INPUT RECORDS Block Start
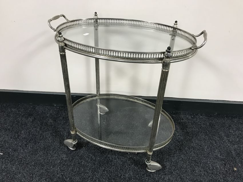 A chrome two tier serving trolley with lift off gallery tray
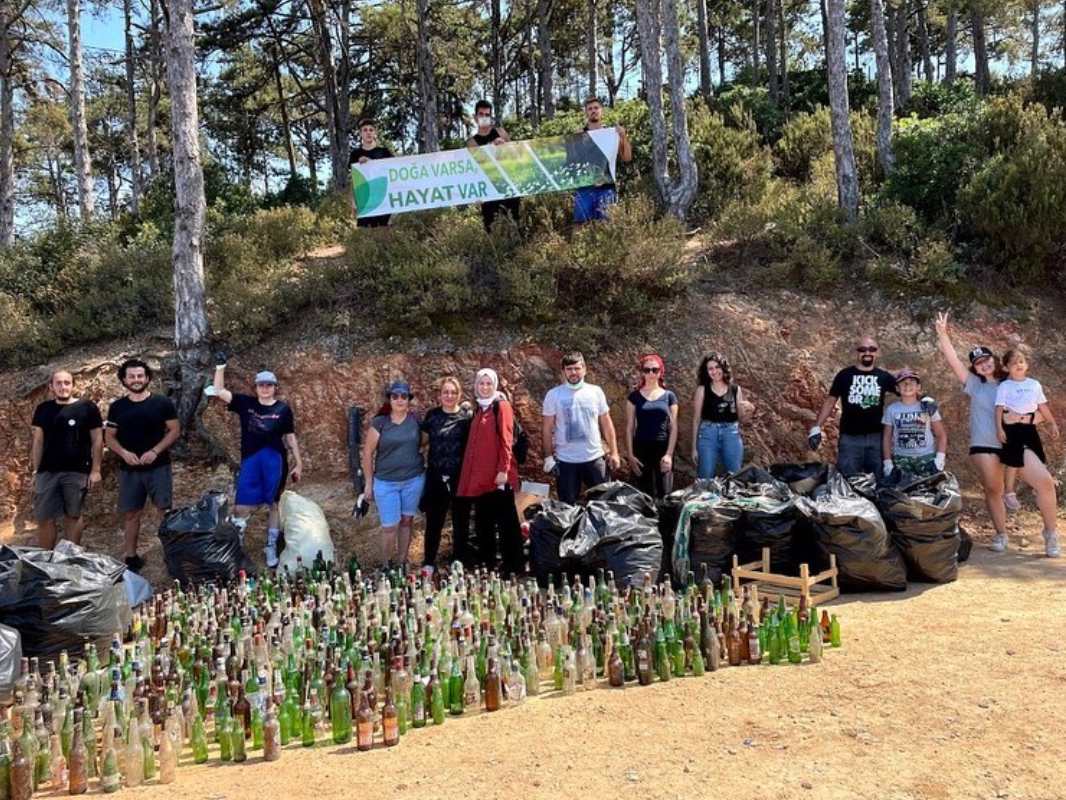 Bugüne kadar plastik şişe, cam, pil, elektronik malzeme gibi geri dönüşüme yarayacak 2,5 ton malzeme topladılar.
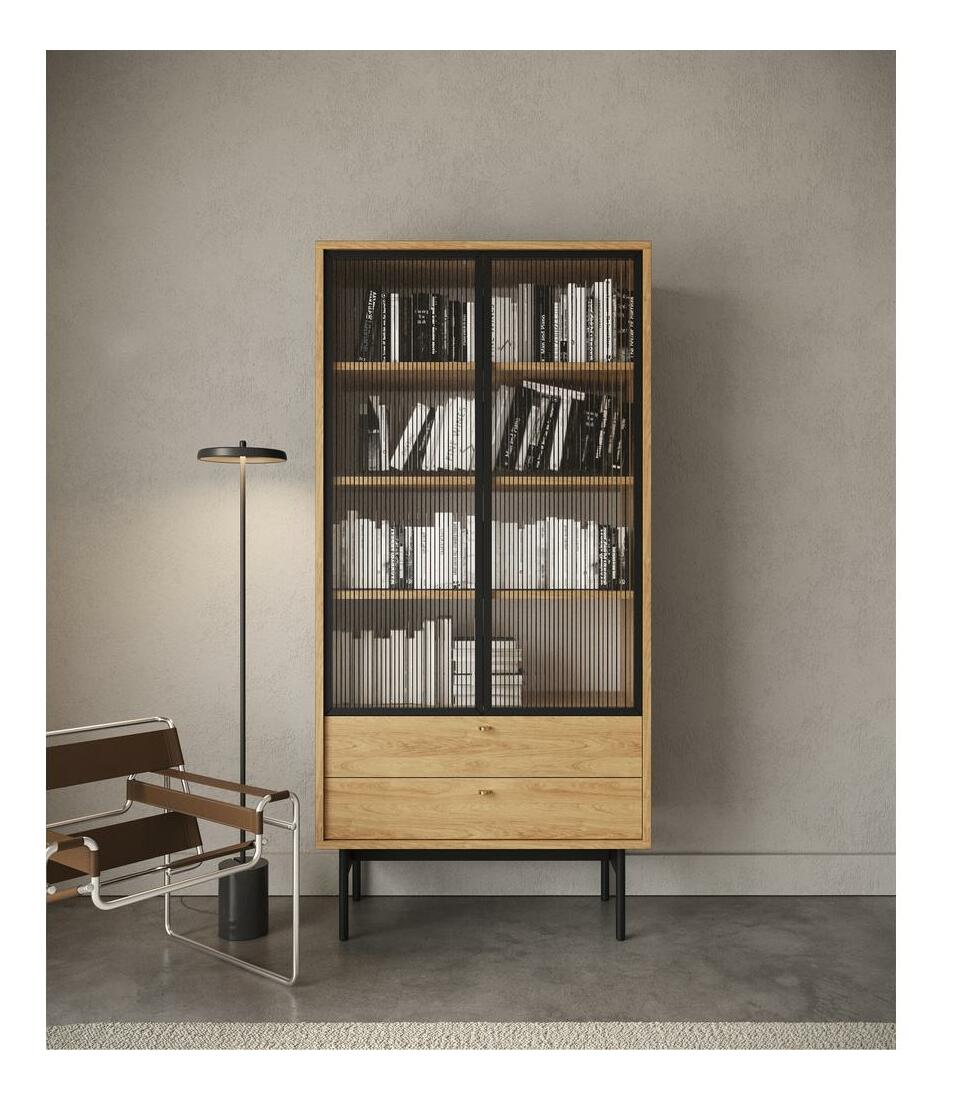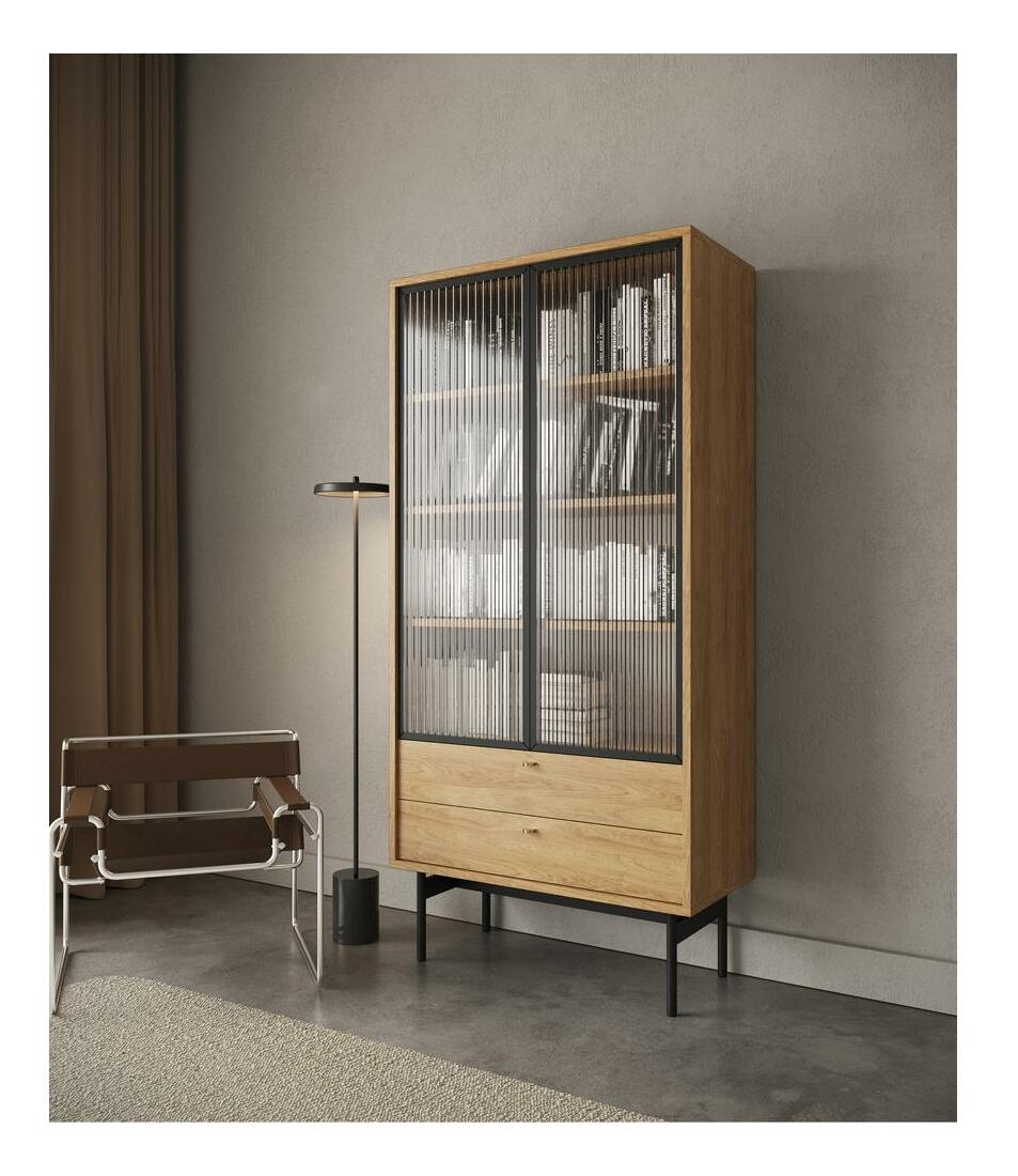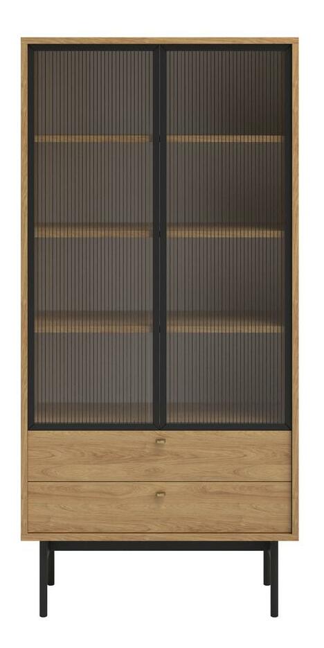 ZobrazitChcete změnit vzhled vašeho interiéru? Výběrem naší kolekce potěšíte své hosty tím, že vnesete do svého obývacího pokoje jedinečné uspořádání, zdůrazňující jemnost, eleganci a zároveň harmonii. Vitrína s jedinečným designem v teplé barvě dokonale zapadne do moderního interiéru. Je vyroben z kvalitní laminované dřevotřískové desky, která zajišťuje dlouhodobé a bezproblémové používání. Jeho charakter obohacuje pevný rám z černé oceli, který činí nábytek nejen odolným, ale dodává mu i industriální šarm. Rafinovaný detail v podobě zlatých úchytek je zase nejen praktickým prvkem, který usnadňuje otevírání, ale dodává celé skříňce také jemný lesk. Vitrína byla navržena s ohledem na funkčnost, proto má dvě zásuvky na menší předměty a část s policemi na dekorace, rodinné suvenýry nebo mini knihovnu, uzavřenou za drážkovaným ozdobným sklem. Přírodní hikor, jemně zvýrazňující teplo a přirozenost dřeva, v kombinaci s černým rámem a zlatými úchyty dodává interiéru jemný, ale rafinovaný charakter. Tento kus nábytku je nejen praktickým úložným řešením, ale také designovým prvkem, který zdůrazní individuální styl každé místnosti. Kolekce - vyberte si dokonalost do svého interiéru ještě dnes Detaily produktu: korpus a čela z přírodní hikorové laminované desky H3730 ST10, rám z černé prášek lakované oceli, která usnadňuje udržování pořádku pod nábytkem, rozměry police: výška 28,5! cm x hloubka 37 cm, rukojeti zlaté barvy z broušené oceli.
INPUT RECORDS Block End
INPUT RECORDS Block Start
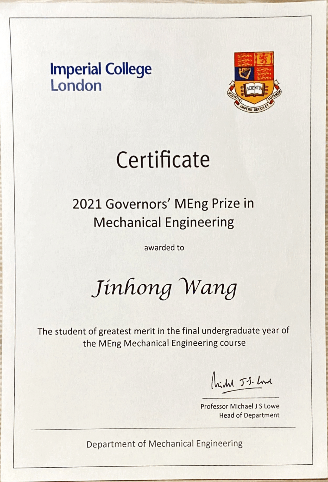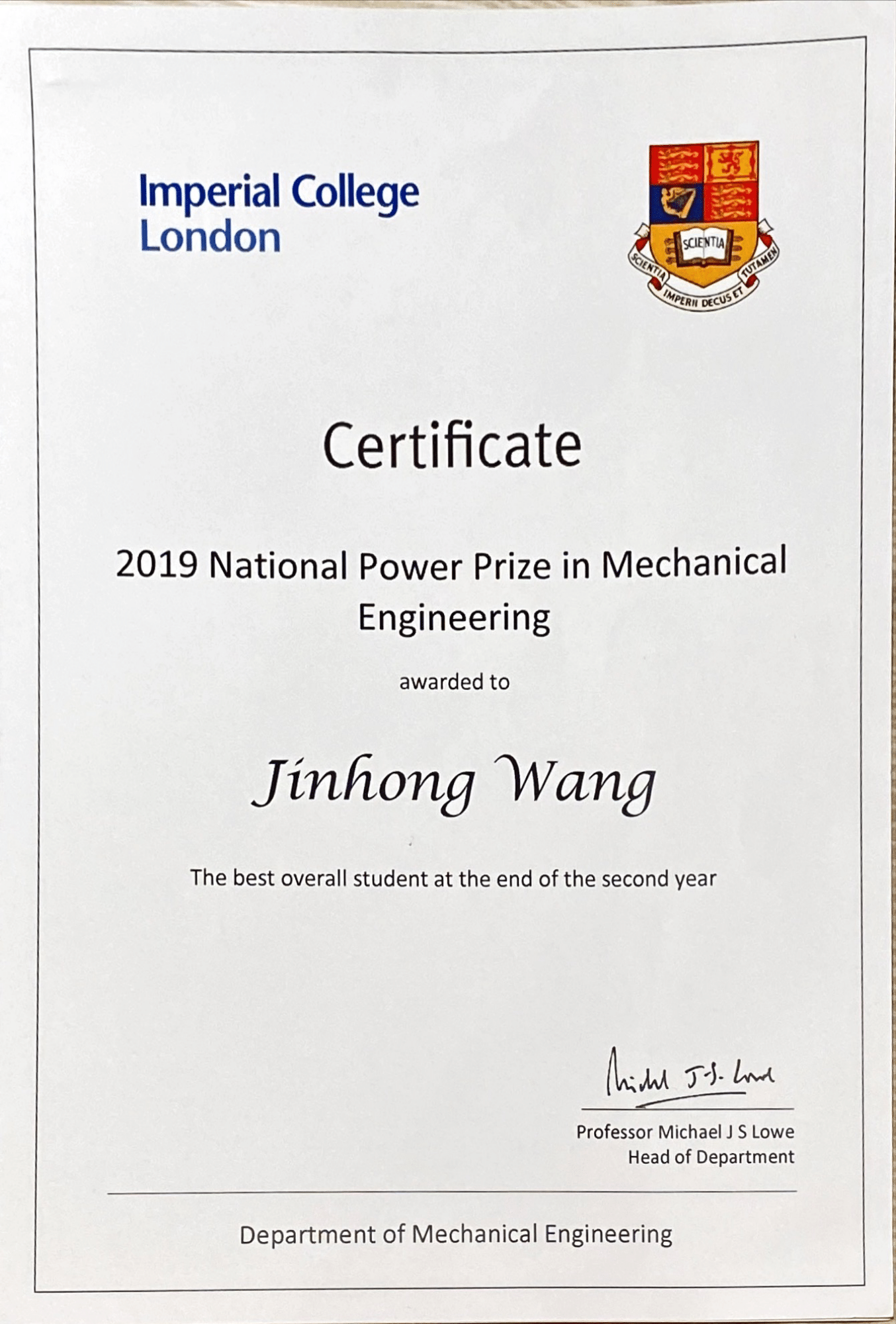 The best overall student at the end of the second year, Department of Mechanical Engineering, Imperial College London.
INPUT RECORDS Block End
INPUT RECORDS Block Start
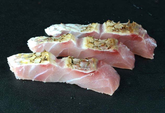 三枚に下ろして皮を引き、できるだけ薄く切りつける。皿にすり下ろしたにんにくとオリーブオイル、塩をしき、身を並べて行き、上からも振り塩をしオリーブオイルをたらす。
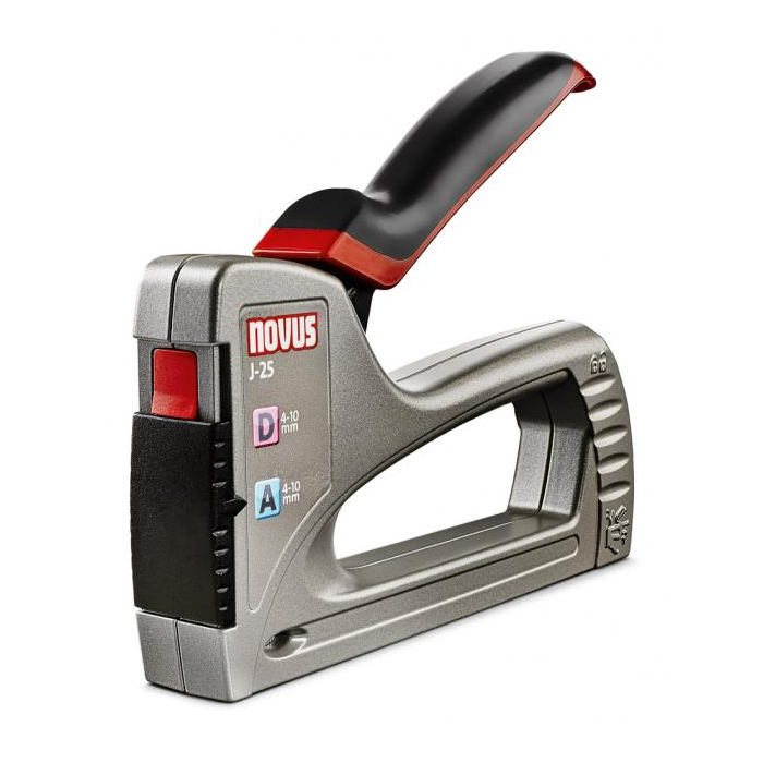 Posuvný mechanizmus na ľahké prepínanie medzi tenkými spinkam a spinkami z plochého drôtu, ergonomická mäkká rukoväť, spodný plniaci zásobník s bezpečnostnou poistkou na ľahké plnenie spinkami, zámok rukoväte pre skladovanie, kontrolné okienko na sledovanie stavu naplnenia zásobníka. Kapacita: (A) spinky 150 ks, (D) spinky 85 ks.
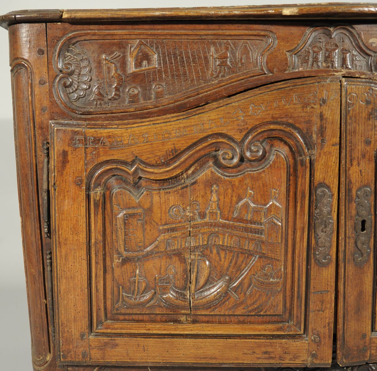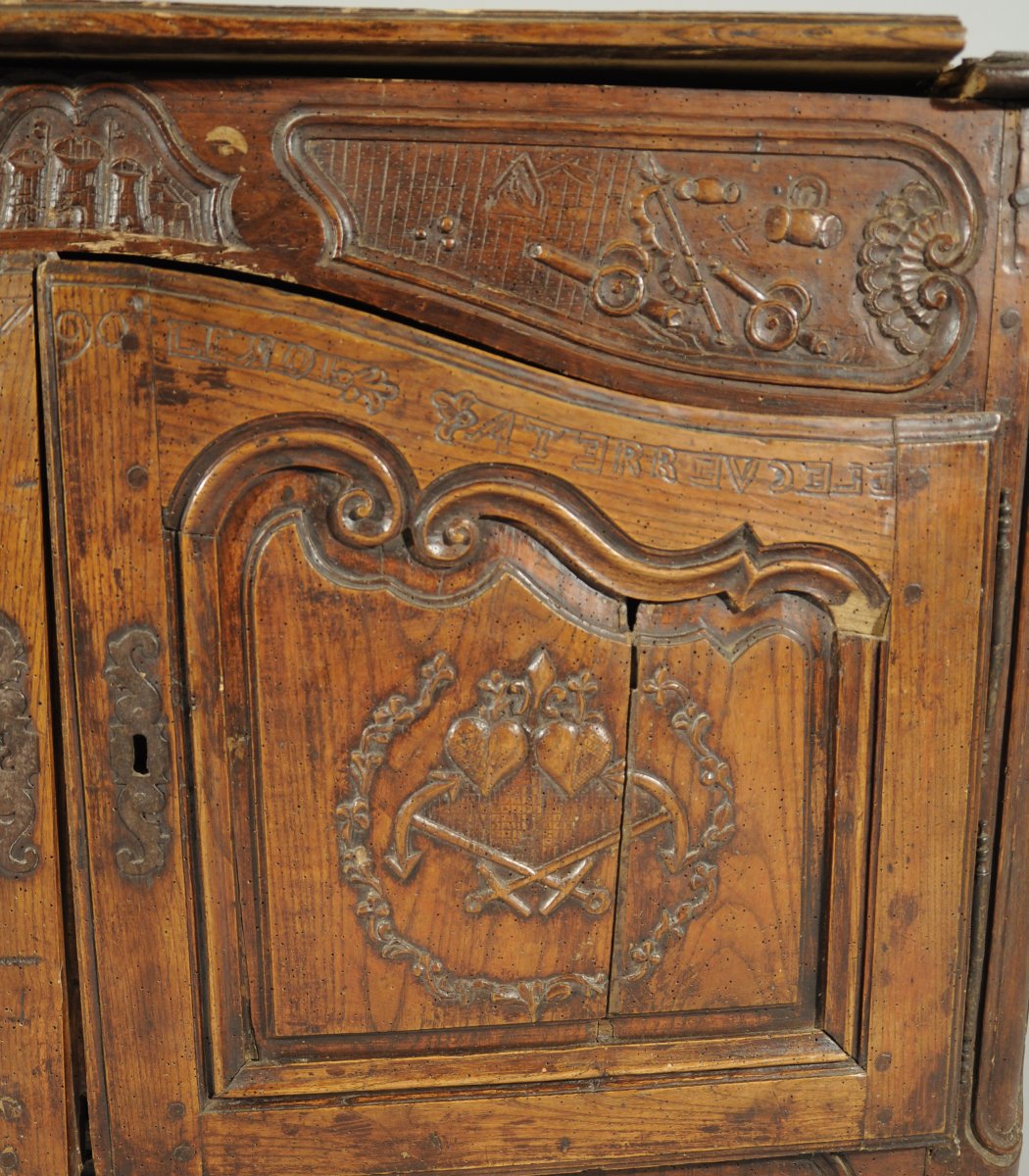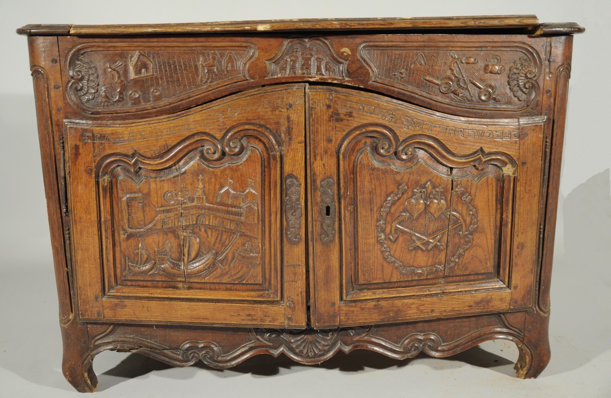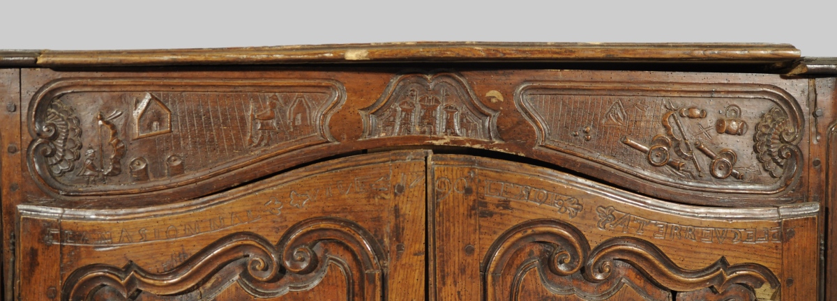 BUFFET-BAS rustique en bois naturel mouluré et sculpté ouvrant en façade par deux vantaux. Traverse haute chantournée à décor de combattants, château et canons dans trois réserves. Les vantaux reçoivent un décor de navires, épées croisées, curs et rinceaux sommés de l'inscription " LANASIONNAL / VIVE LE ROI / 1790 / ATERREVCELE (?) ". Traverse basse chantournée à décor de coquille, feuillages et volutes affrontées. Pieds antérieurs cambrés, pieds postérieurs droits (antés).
INPUT RECORDS Block End
TASK ITEM: Take the entries above and copy exactly the lines starting at the one with "A chrome two" and ending at the one with "Bugüne kadar plastik"; nothing outside that span, and no pictures.

SOLUTION BELOW:
 A chrome two tier serving trolley with lift off gallery tray
 Bugüne kadar plastik şişe, cam, pil, elektronik malzeme gibi geri dönüşüme yarayacak 2,5 ton malzeme topladılar.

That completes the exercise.